Define program equilibrium and show how mutual code inspection enables cooperation.
Implement a commitment game framework and compare outcomes with and without commitment.
Quantify the welfare improvement from commitment across different game types.

41.1 Motivation

Two autonomous AI systems negotiate a trade agreement on behalf of their respective organizations. Each system has an incentive to defect — to extract value at the other’s expense — but mutual defection is costly for both. In a one-shot game, the Nash equilibrium may be mutual defection, just as in the Prisoner’s Dilemma.

But AI systems have a unique property: they can, in principle, share their source code and verify each other’s strategies before executing them. This program equilibrium concept, introduced by Tennenholtz (2004), opens the door to cooperation in games where human players would typically defect. Understanding when and how such commitment devices work is central to the emerging field of cooperative AI (Dafoe et al., 2020).

41.2 Theory

41.2.1 Commitment devices

A commitment device is a mechanism that allows a player to credibly bind their future actions. In classical game theory, examples include contracts, reputation, and institutional rules. For AI systems, the most natural commitment device is code transparency: an agent commits to a strategy by publishing its source code and allowing verification.

41.2.2 Program equilibrium

Definition: Program Equilibrium

In a program equilibrium, each player submits a program $p_i$ that takes the opponent’s program as input and outputs an action. The pair $(p_1, p_2)$ is an equilibrium if neither player can improve their payoff by submitting a different program.

Consider the Prisoner’s Dilemma with payoffs:

	Cooperate	Defect
Cooperate	(3, 3)	(0, 5)
Defect	(5, 0)	(1, 1)

Without commitment, (Defect, Defect) is the unique Nash equilibrium. With program equilibrium, each player can submit a conditional program:

“If the opponent’s program cooperates with me, then cooperate; otherwise defect.”

This conditional cooperator (also called “Tit-for-Tat-in-code”) forms a program equilibrium because: (1) if both submit it, both cooperate and get payoff 3; (2) neither can improve by deviating unilaterally, since the opponent’s code would detect the deviation and defect.

41.2.3 Credible threats and commitment power

Commitment transforms the game by restricting a player’s future action space. Paradoxically, having fewer options can improve a player’s outcome. In Schelling’s (1960) terms, the power to bind oneself is a source of strategic strength.
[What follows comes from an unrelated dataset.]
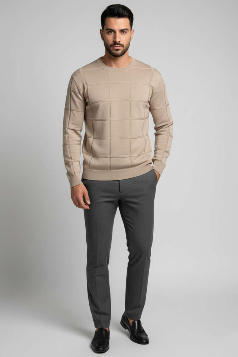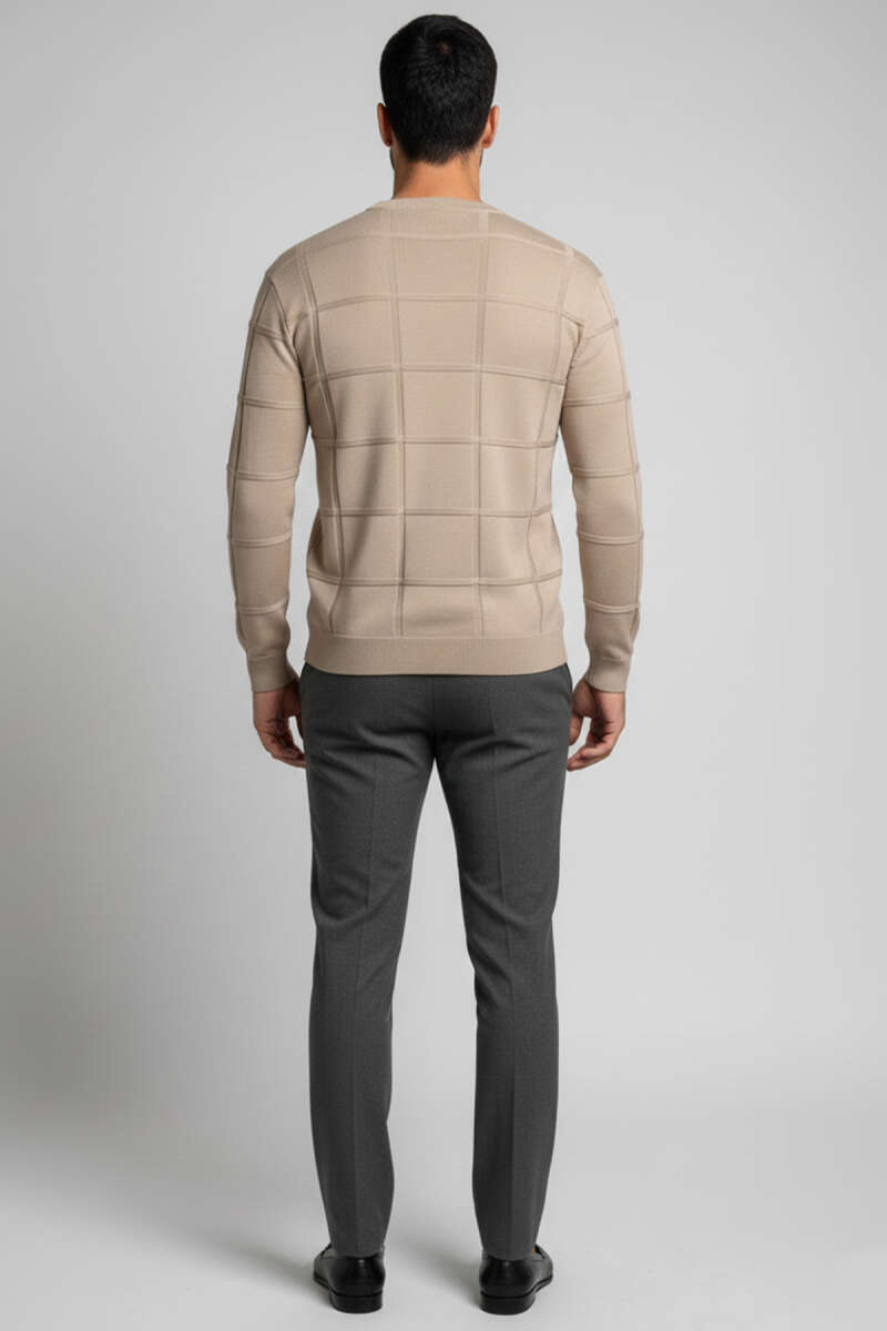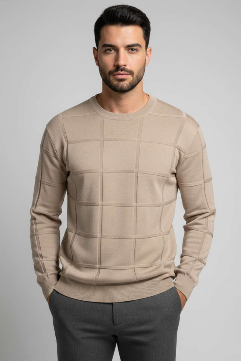 Bisiklet Yaka Kare Desenli Erkek Triko Kazak Kahve

For AI systems, the key requirements for effective commitment are:

Transparency — the code can be inspected.
Verifiability — the inspecting agent can confirm that the code will be executed as written.
Immutability — the committed agent cannot modify its code after inspection.

41.3 Implementation in R

41.3.1 Game definitions

# Define several 2x2 symmetric games as payoff matrices
games <- list(
  "Prisoner's Dilemma" = list(
    A = matrix(c(3, 0, 5, 1), nrow = 2, byrow = TRUE,
               dimnames = list(c("C", "D"), c("C", "D"))),
    B = matrix(c(3, 5, 0, 1), nrow = 2, byrow = TRUE,
               dimnames = list(c("C", "D"), c("C", "D")))
  ),
  "Stag Hunt" = list(
    A = matrix(c(4, 0, 3, 3), nrow = 2, byrow = TRUE,
               dimnames = list(c("Stag", "Hare"), c("Stag", "Hare"))),
    B = matrix(c(4, 3, 0, 3), nrow = 2, byrow = TRUE,
               dimnames = list(c("Stag", "Hare"), c("Stag", "Hare")))
  ),
  "Chicken" = list(
    A = matrix(c(0, -1, 1, -5), nrow = 2, byrow = TRUE,
               dimnames = list(c("Swerve", "Straight"), c("Swerve", "Straight"))),
    B = matrix(c(0, 1, -1, -5), nrow = 2, byrow = TRUE,
               dimnames = list(c("Swerve", "Straight"), c("Swerve", "Straight")))
  )
)

41.3.2 Simulating commitment vs no commitment

# Without commitment: find Nash equilibrium (pure strategy, first found)
find_nash <- function(A, B) {
  nr <- nrow(A)
  nc <- ncol(A)
  nash_list <- list()
  for (i in 1:nr) {
    for (j in 1:nc) {
      # Check if i is a best response to j for player 1
      br1 <- which.max(A[, j])
      # Check if j is a best response to i for player 2
      br2 <- which.max(B[i, ])
      if (br1 == i && br2 == j) {
        nash_list[[length(nash_list) + 1]] <- c(i, j)
      }
    }
  }
  nash_list
}

# With commitment (program equilibrium): agents can commit to conditional cooperation
# Best symmetric outcome achievable through mutual commitment
program_equilibrium <- function(A, B) {
  # Find the cooperative outcome: maximize sum of payoffs on the diagonal
  diag_payoffs <- sapply(1:nrow(A), function(i) A[i, i] + B[i, i])
  best_coop <- which.max(diag_payoffs)
  c(best_coop, best_coop)
}

# Compare outcomes across games
comparison <- map_dfr(names(games), function(name) {
  g <- games[[name]]
  ne_list <- find_nash(g$A, g$B)
  pe <- program_equilibrium(g$A, g$B)

  # Nash: use first equilibrium found
  ne <- ne_list[[1]]

  tibble(
    game = name,
    ne_payoff_1 = g$A[ne[1], ne[2]],
    ne_payoff_2 = g$B[ne[1], ne[2]],
    pe_payoff_1 = g$A[pe[1], pe[2]],
    pe_payoff_2 = g$B[pe[1], pe[2]],
    ne_total = ne_payoff_1 + ne_payoff_2,
    pe_total = pe_payoff_1 + pe_payoff_2,
    welfare_gain = pe_total - ne_total
  )
})

cat("Nash vs Program Equilibrium comparison:\n")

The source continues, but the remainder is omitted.